Given data
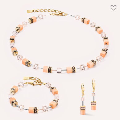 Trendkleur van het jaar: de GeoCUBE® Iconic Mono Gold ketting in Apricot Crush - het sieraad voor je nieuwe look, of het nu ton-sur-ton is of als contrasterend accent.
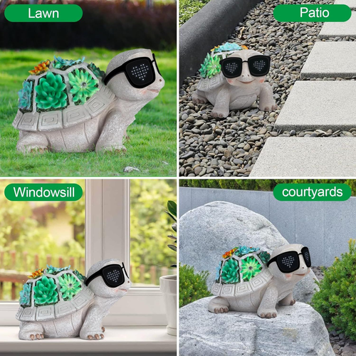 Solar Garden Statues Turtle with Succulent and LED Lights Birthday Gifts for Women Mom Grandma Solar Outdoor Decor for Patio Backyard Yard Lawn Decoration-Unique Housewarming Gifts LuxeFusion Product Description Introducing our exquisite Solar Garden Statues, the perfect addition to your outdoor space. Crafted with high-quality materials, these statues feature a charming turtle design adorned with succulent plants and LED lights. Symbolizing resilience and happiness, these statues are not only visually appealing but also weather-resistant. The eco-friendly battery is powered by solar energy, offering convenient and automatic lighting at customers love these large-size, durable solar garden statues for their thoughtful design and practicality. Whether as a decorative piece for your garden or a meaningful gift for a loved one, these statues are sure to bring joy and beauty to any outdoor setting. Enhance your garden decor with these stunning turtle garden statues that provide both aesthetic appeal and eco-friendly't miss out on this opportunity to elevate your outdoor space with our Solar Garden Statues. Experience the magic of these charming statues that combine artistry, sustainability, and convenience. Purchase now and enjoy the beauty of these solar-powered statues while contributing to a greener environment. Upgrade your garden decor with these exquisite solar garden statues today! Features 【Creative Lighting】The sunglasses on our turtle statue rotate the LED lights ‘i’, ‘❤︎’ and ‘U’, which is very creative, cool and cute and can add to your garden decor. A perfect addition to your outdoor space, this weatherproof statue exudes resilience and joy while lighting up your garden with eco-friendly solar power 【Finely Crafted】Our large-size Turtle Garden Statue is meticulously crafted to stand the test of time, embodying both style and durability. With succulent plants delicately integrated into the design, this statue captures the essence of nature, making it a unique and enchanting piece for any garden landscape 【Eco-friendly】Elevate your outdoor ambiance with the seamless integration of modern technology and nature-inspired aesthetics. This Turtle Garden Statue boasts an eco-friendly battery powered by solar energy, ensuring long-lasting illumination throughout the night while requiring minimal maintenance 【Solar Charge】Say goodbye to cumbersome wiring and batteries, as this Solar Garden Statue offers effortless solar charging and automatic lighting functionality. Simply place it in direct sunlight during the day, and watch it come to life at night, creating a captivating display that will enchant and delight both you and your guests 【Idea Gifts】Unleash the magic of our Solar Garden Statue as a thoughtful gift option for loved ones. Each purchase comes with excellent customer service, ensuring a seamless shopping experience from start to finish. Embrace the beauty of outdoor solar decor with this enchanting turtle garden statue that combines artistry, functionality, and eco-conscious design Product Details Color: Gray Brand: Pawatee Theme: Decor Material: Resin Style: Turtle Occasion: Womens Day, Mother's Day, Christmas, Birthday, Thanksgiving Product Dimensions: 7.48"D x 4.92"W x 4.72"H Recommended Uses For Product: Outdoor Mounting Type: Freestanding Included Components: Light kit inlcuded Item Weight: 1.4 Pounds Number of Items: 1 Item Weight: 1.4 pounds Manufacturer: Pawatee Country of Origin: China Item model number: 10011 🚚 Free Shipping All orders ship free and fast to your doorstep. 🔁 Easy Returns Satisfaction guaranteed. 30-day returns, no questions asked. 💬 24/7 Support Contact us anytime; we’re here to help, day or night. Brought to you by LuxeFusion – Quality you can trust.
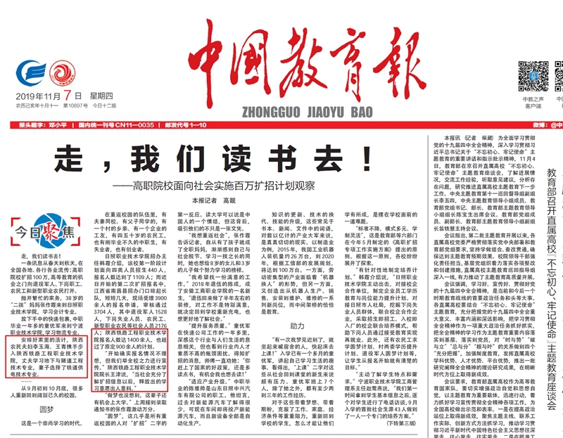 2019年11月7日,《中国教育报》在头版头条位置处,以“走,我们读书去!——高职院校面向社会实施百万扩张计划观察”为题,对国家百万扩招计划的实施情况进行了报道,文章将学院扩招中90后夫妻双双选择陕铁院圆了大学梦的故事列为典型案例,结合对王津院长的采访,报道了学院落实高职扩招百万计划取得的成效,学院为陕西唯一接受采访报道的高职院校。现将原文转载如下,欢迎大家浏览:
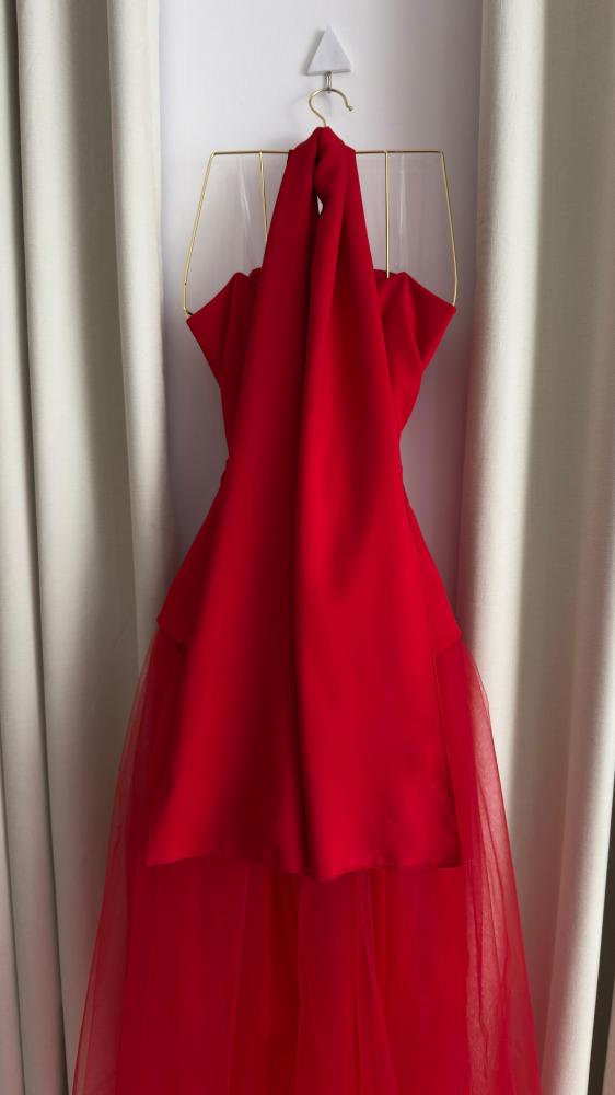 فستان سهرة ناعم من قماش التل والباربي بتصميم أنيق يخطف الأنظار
* * *
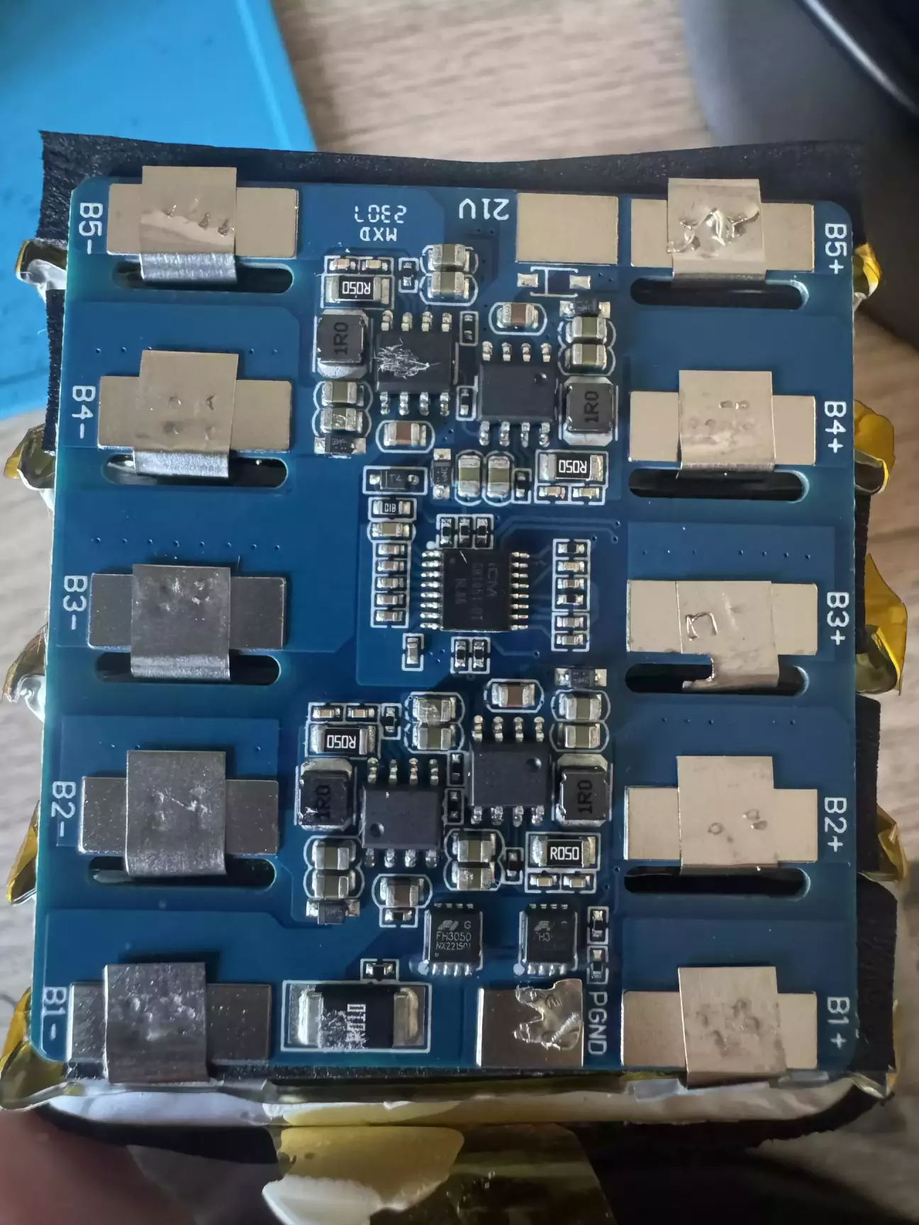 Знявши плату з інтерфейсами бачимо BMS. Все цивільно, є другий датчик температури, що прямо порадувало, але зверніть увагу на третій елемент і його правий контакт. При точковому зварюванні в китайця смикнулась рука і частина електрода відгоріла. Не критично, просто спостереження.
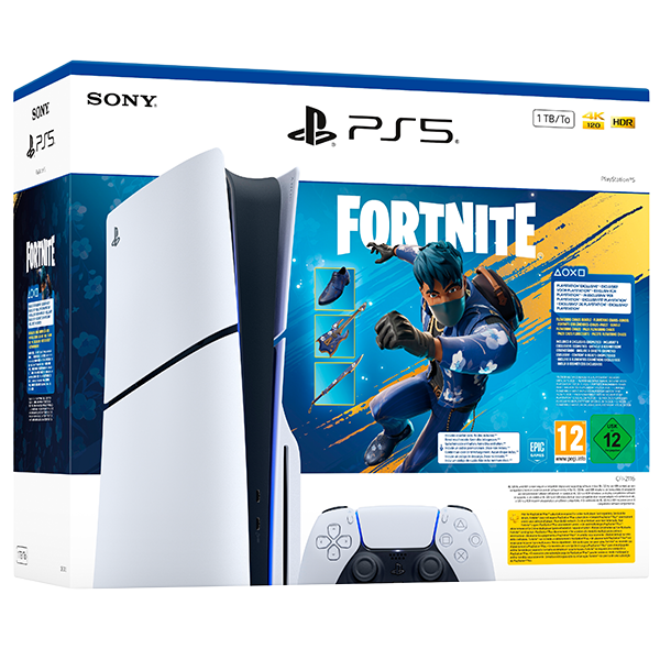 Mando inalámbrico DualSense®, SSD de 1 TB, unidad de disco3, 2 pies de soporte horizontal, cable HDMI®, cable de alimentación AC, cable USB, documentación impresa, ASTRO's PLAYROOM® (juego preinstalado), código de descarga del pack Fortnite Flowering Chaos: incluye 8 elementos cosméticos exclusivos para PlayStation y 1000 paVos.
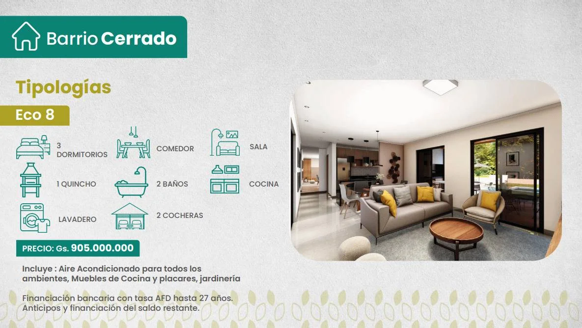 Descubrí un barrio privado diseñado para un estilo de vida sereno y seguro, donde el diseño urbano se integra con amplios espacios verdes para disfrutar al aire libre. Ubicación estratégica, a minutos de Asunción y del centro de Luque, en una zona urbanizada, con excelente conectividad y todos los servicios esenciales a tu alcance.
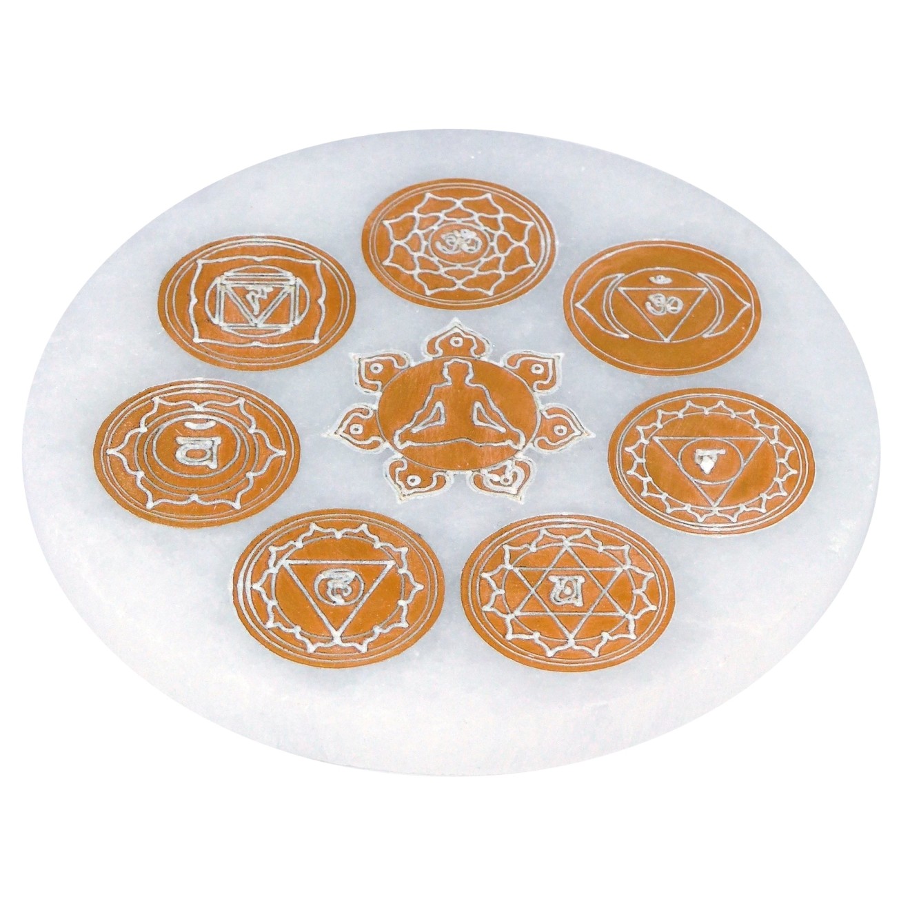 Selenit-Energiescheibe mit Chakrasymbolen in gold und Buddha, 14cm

What you will do
Using the listing above, reproduce word for word every line from the one containing "Descubrí un barrio" through the one containing "Selenit-Energiescheibe mit Chakrasymbolen". Pictures must be left out.

Reply to the task
 Descubrí un barrio privado diseñado para un estilo de vida sereno y seguro, donde el diseño urbano se integra con amplios espacios verdes para disfrutar al aire libre. Ubicación estratégica, a minutos de Asunción y del centro de Luque, en una zona urbanizada, con excelente conectividad y todos los servicios esenciales a tu alcance.
 Selenit-Energiescheibe mit Chakrasymbolen in gold und Buddha, 14cm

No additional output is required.